On 2021-01-19 14:11, Paul Moore wrote:
> On Tue, Jan 19, 2021 at 3:18 AM Burn Alting <burn.alting at iinet.net.au> wrote:
> > I tend to have a rigorous auditing posture (see the rules loaded in https://github.com/linux-audit/audit-userspace/issues/148) which is not normal for most. Perhaps, Paul, you have hit the nail on the head by stating that this 'severe delay' is not that unreasonable given my rules posture and we just need to 'deal with it' in user space.
> > We still get the event data, I just need to adjust the user space tools to deal with this occurrence.
> > As for what the system is doing, in my home case it's a Centos 7 VM running a tomcat service which only gets busy every 20 minutes and the other is a HPE Z800 running Centos 8 with 4-5 VM's mostly dormant. I can put any code in these hosts to assist in 'validating'/testing the delay.
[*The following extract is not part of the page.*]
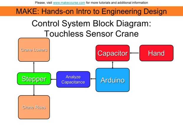 Aquí vemos el diagrama de bloques de función. La mano forma un condensador con el papel de aluminio: efectivamente, almacenar una carga de la señal de Arduino a la lámina. El Arduino mide el tiempo que tarda el capacitor en cargarse. Arduino utiliza esta información e inicia el motor paso a paso en cualquier dirección por consiguiente.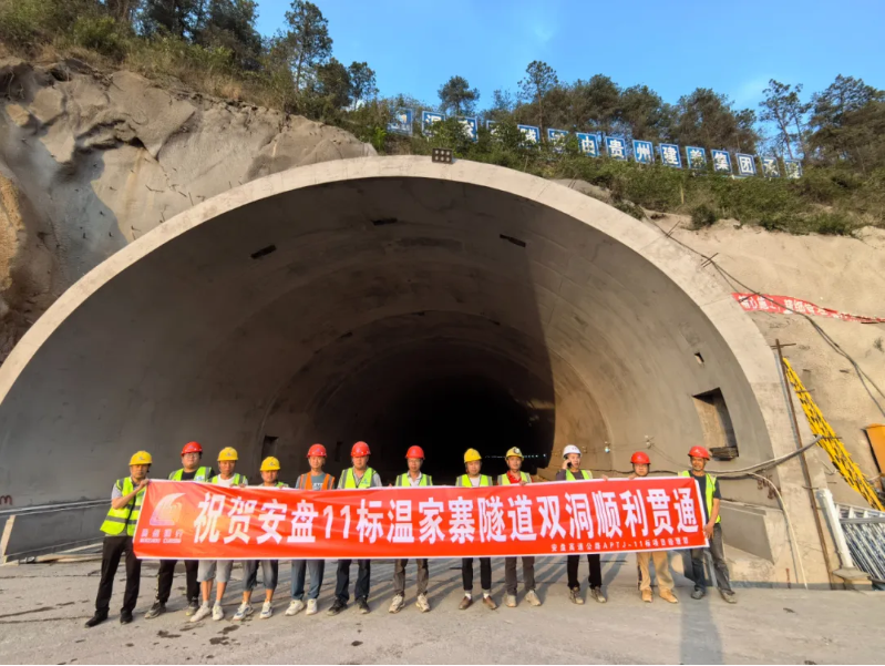 4月16日,经过300余天的精心施工,由贵州省公路建设养护集团承建的安盘11标温家寨隧道双洞贯通,为安盘11标全线通车奠定坚实基础。

Advise and I will run.
> 
> I took a (slightly) closer look at the queuing code just now and the
> corner case I suspected doesn't look very promising here.  On failure
> to send a record to userspace, the record is put back at the front of
> the queue to preserve ordering so the kernel *should* still emit
> records in order even when auditd is under pressure, dead, or in the
> process of a restart.  Also, in this case the kernel kicks the auditd
> connection, disconnecting auditd's netlink socket; I imagine that
> would be a notable event on your systems.
> 
> However, looking at the timestamps in the audit events you posted, I
> noticed something a little odd.  If I align the timestamps a bit
> better let's see if it jumps out at you guys ...
> 
> type=XXX msg=audit(1609519900.159:44606): ...
> type=XXX msg=audit(1609519900.161:44607): ...
> type=XXX msg=audit(1609519900.163:44608): ...
> type=XXX msg=audit(1609519896.829:44609): ...
> type=XXX msg=audit(1609519900.170:44610): ...
> 
> Let me guess Burn, you're running NTP/PTP :)  I'm not sure how auditd
> handles things like this, but it looks like there was a small negative
> time correction between events which caused the odd scenario where
> event N+1 actually occurred before event N according to the wall
> clock.  In other words, your system is time traveling ;)

Interesting...

The timestamp is assigned on syscall entry.
The serial number is assigned on the creation of the first audit record of an event.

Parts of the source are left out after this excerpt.